INFORMATION SUPPLIED.

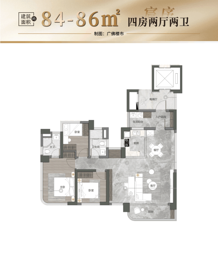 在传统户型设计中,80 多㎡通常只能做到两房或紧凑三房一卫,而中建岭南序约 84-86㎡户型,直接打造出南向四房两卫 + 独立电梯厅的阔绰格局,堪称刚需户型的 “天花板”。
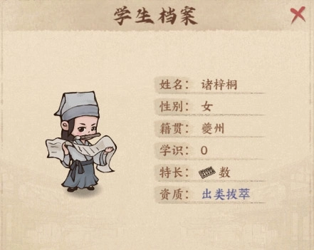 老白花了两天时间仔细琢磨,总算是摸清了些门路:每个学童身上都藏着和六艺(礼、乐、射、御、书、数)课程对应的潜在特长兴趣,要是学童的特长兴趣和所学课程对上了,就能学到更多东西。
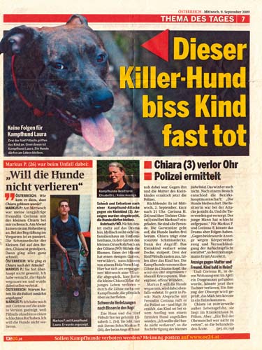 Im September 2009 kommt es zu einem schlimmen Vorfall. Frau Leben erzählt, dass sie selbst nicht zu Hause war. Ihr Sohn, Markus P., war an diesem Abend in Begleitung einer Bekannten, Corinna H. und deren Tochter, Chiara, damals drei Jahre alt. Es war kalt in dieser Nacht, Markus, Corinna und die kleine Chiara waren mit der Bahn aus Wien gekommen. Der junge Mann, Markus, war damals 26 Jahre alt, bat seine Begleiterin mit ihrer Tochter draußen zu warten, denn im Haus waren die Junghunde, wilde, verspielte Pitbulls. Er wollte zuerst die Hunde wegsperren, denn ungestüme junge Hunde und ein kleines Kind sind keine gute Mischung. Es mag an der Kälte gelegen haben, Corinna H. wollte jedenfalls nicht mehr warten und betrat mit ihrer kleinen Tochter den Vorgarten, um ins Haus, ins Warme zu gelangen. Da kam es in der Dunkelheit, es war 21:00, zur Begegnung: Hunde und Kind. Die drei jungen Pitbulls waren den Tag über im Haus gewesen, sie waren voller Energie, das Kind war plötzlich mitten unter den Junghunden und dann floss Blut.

TASK ITEM. Write out the data exactly, but not its pictures.

ANSWER TO THIS EXERCISE.
 在传统户型设计中,80 多㎡通常只能做到两房或紧凑三房一卫,而中建岭南序约 84-86㎡户型,直接打造出南向四房两卫 + 独立电梯厅的阔绰格局,堪称刚需户型的 “天花板”。
 老白花了两天时间仔细琢磨,总算是摸清了些门路:每个学童身上都藏着和六艺(礼、乐、射、御、书、数)课程对应的潜在特长兴趣,要是学童的特长兴趣和所学课程对上了,就能学到更多东西。
 Im September 2009 kommt es zu einem schlimmen Vorfall. Frau Leben erzählt, dass sie selbst nicht zu Hause war. Ihr Sohn, Markus P., war an diesem Abend in Begleitung einer Bekannten, Corinna H. und deren Tochter, Chiara, damals drei Jahre alt. Es war kalt in dieser Nacht, Markus, Corinna und die kleine Chiara waren mit der Bahn aus Wien gekommen. Der junge Mann, Markus, war damals 26 Jahre alt, bat seine Begleiterin mit ihrer Tochter draußen zu warten, denn im Haus waren die Junghunde, wilde, verspielte Pitbulls. Er wollte zuerst die Hunde wegsperren, denn ungestüme junge Hunde und ein kleines Kind sind keine gute Mischung. Es mag an der Kälte gelegen haben, Corinna H. wollte jedenfalls nicht mehr warten und betrat mit ihrer kleinen Tochter den Vorgarten, um ins Haus, ins Warme zu gelangen. Da kam es in der Dunkelheit, es war 21:00, zur Begegnung: Hunde und Kind. Die drei jungen Pitbulls waren den Tag über im Haus gewesen, sie waren voller Energie, das Kind war plötzlich mitten unter den Junghunden und dann floss Blut.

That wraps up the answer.